"Энди Макнаб. Немедленная операция (engl) " - читать интересную книгу автора

flickering, doing his best Robert De Niro, "I just want to tell you that you
have the most beautiful eyes."
It was the most ridiulous chat-up line I'd ever heard.
Half an hour later he was escorting her into a cab.
Colin had been in charge of the troop when I went to Malaya.
Getting words out of him was still like drawing teeth; it would just be
a sniff and "That was good," or a sniff and "That was shit."
Eno had been on my first Selection and passed, getting in six months
before me. He was from the Queen's Regiment, a rarity in the Regiment.
Predictably, everybody spoke to him in a camp voice but for some
inexplicable reason also shouted, "Three queens, three queens," whenever
they saw him. A thin little midget, Eno was a tremendous racing snake,
heavily into triathlons. He smoked twenty a day but was so fit that at one
championship he stood at the start line with a fag in his mouth.
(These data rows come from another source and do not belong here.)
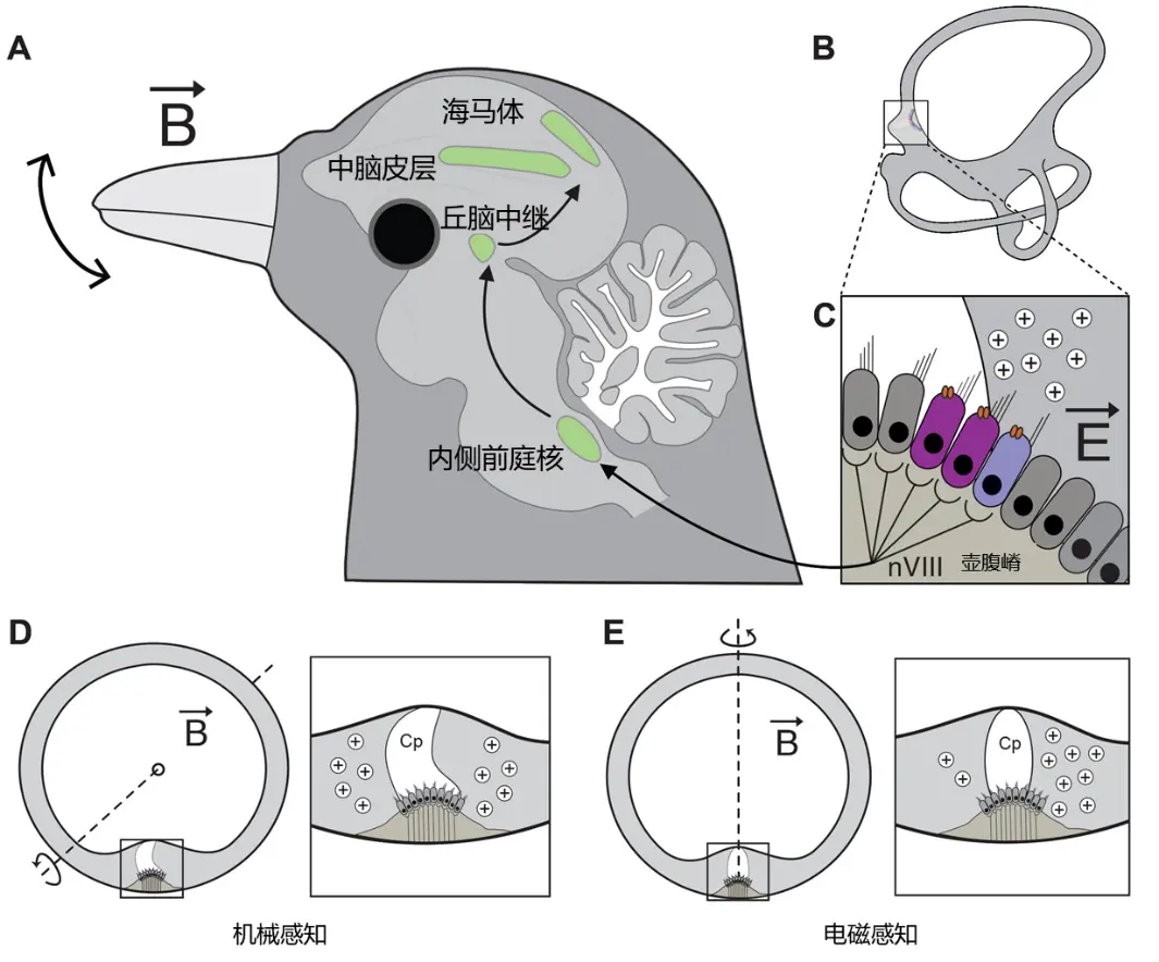 图1 电磁感应驱动的磁感知回路模子。 (A至C) 头部怒放产生的变化磁场在半规管中指挥出电场(E),导致内淋巴液内造成电压梯度(B)。被凝胶状的壶腹帽分离隔的这种电荷互异,由抒发电压明锐性钙通谈CaV1.3和大电导钙激活钾通谈BK的II型毛细胞检测(C)。这一电磁信息从壶腹嵴(ca)经由前庭耳蜗神经(nVIII)传至内侧前庭核(VeM)进行初步措置,随后通过丘脑中继(DTh),与中脑皮层(MC)和海马体(Hp)内的其他嗅觉信息整合。(D) 头部在半规管平面内的旋转通过壶腹帽(Cp)的位移导致毛细胞静纤毛的机械性刺激,不产生电磁感应。(E) 相悖,在存在磁场向量(B)的情况下,头部垂直于半规管平面的旋转会导致电荷在壶腹帽两侧从头散布,而毛细胞不发盼愿械位移。因此,鸟类大略远离机械性输入和电磁性输入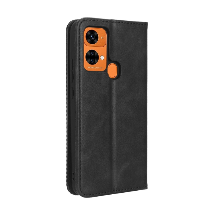 Funda de Cuero para Oukitel C33 con Hebilla Magnética y Textura Retro (Negro)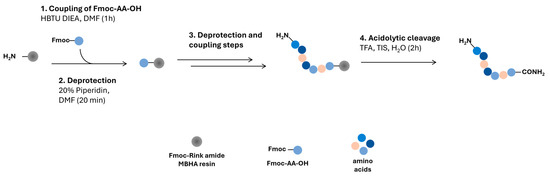 - Mäde, V.; Els-Heindl, S.; Beck-Sickinger, A.G. Automated solid-phase peptide synthesis to obtain therapeutic peptides. Beilstein J. Org. Chem. 2014, 10, 1197–1212. [Google Scholar] [CrossRef]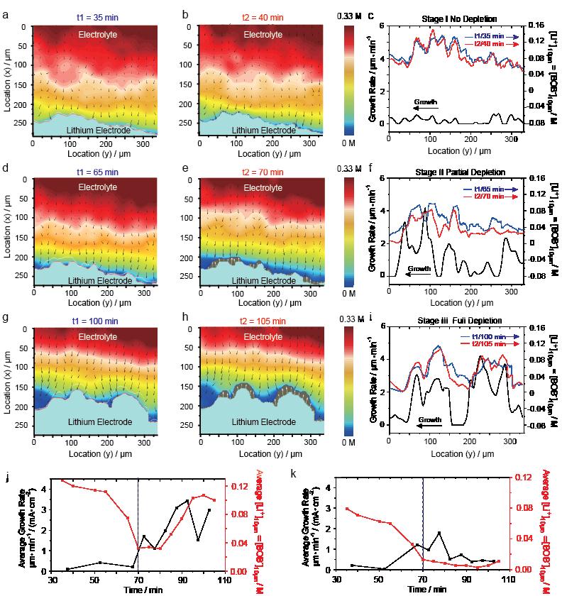 在三个代表性时刻(t1/t2),a-c:35/40分钟(阶段I /无耗尽),d-f:65/70分钟(阶段II /部分耗尽)和g-i:100/105分钟(阶段III /完全耗尽)。第一列在t1处显示离子浓度分布和固体锂电极区域。第二列在t2处显示[Li+]和锂电极区域,底部的灰色区域表示t1和t2之间的新沉积生成的金属锂。白色箭头表示枝晶生长方向和速率。第三列(c,f,i)显示枝晶生长速率(黑线)和[Li+]10µm与t1(蓝线)和t2(红线)处的位置之间的关系。(j-k): 反馈效应。两个区域(枝晶生长区和非枝晶生长区)中Li生长速率与距电极表面10微米出的锂离子浓度([Li+]10µm)之间的关系。枝晶生长区(j)表面离子浓度越来越高,锂沉积越来越快,而非枝晶生长区(k)离子浓度则越来越低,锂沉积则越来越慢。

"Got to spark myself up, ain't I?" he said. Eno was very much like
Colin, never flapped, never got excited, and you had to beat him up to have
a conversation.
Jock was there, too, whom I'd met on Selection. There seemed to be no
compromise with him. He had a policy of working really hard, being
incredibly serious at work; then when it was fun time, it was outrageous fun
time.
We were at a squadron party once; he went up to the colonel's wife, and
he said, "Do you fancy a dance?"
She said, "Yes, that would be lovely," so Jock walked her onto the
middle of the dance floor, pulled out a Michael Jackson mask, and taught her
to moon-walk.
Frank Collins was still Mr. Calm and Casual. He never shouted, never
got annoyed. Steve told me he had been one of the youngest soldiers in the
Regiment when he did the embassy in 1980. From the first night of the siege
he and the rest of the assault team were ready on the roof, dressed in full
black kit and expecting the order to go in at any moment. It must have been
tense stuffbut not for Frank.
Apparently he was so relaxed he took a pillow with him to snooze away
an hour or two. I knew he was into climbing, canoeing, free fall, and
religion, and I found out he was being called Joseph at this stage because
he was into carpentry as well.
"You'll never see Frank when there's nothing going on," Nosh said.
"He'll be doing the family business."
He was going down to one of the local timber yards and making tables
and cupboards and things that he was going to be taking back to the UK for
his house. In fact they were quite good-big kitchen tables and things.
I was lying on my bed one day, scratching my arse and drinking tea,
when Frank came in said, "You bored, or what?"
"Yeah, I'm doing nothing, just hanging around."
I "Do you want something to read?"
"Yeah, what you got?"
"I've got something with sex, violence, intrigue, you name it, it's got
it."
"Okay, yeah, I'll have a read of it."
So Frank went to his room, fetched the book, and tossed it onto my bed.